MyRedis Fiasco aka. Avoid Hosted Databases

Hosted databases sound great. Pay a flat monthly fee for a certain amount of service. Typically you will see a storage limit but some also limit the number of connections and offer nicer features for higher plans like replication or automatic failover. Heroku heavily pushes these types of services through their heroku add-ons platform.

When using one of these “add-ons” through Heroku it makes things even nicer. The connection url is automatically added to your application’s environment config, billing is lumped together with your hosting bill, and changing plans (up or down) is seamless on most providers.

Now here’s why you should avoid them, specifically my experiences with MyRedis run by Miles Smith and formerly Jacob Jervey.

MyRedis originally entered private beta with Heroku in October 2012. We started using them for a client on April 4th 2013.

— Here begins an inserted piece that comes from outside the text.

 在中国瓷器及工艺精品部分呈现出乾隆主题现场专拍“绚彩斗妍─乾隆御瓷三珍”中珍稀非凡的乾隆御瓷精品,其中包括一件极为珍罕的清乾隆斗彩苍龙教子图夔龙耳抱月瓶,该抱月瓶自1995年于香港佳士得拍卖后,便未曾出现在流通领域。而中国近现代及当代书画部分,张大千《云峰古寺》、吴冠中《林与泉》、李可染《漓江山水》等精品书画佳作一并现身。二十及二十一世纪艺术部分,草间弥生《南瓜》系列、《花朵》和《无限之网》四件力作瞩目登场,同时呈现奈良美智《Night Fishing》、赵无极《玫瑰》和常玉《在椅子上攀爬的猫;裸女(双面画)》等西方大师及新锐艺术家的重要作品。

Trouble began when on May 1st we exceeded our connection limit (100 connections) due to a usage spike. MyRedis has no notion of soft limits, only hard ones. The only way to fix this was to provision another instance and use that one. No upgrade or migration plan was in place to deal with these contingencies. A side effect of maxing out the number of connections was that the MyRedis dashboard was completely blank, showing ??/100 connections and zero memory usage. The dashboard itself uses a connection to poll the Redis server for information about stats, and having a hard connection limit in the configuration prevented the dashboard from being responsive when it was most needed.

I choose not to move away from MyRedis at this point, and in hindsight this was a bad idea. Had I known that only one person was continuing to run a platform that many people relied upon I wouldn’t have continued to trust it to manage my data. Part of the reason for choosing an externally hosted database is because it takes an operations load off of our team. We don’t need to go upgrade the servers, check configurations. Easy justification of the cost.

On July 9th I received an email from MyRedis saying that they were shutting down the entire service down at the end of the month. I’m skipping the extremely confusing emails that said everything would be shut down after three days.

Is 21 days notice acceptable for a service that I hinge a business off of? I can’t find a terms of service anywhere on the MyRedis site, is that my fault for not properly vetting them?

To top all that off, today my Redis instance died completely and knocked several websites offline. I had to provision another instance on the fly and link that back up. Thankfully I’m not in Kenya or anything like that.

Oh, remember where I said before that MyRedis was formerly run by Jacob Jervey? You might find this and this interesting reads. Apparently Mr. Jervey went AWOL a few weeks back and this contributed to the shut down.

I need services to be incredibly reliable. 99.999% uptime is an absolute must, with solid fall back plans in place for problems. MyRedis has proven to me that in order to reap the benefits of an externally hosted database I need to do a significant amount of research into that company.

Let’s do a quick checklist of why a hosted database solution was appealing:

  1. Integrated billing — still great.
  2. No support or maintenance time — terrible. One major outage, a spontaneous service shutdown notice, and an instance dying with no plans to recover it.
  3. Automatic backups and failover — utter bullshit. Not only have I never seen a backup of my Redis instance, but there are no options to restore or manage those backups. Dead / over connection instances were not failed over to make them available again.
  4. Helpful support and no surprises — I think this speaks for itself. On the original max connections discussion I offered a lot of help regarding how to better manage this problem in the future.

I’m done with hosted database solutions. If you’re prototyping an application, or really don’t care about the data, go for it. It’s cheap and avoids having sysops experience which is great for frontend developers. For our team, making sure we can deliver exceptional uptime and service is a priority. Unless other “DaaS” providers can match that, we can’t use any of them.

For full disclosure here’s what we’ll be migrating away from:

  • Heroku PostgreSQL is frankly the best DaaS we’ve used and I’m sorry to let them go.
  • Redis-To-Go temporary replacement for MyRedis.
  • MyRedis is shutting down, so duh, moving.
  • MongoHQ offers a neat admin panel, but you have to pay through the nose (starting at $1,345) to get replica sets.

Here’s what we’ll be migrating to:

  • Cloud Servers hosted by Rackspace.
  • PostgreSQL cluster configured at a database level for each client.
  • MongoDB replica set for each client.
  • Redis as a central caching server.

As I put together these systems I’ll be writing some basic documentation and posting it here to help other people get their feet wet from a sysops / dba perspective. The upfront time cost on this won’t be cheap, but in the long run avoiding problems like the above will pay off.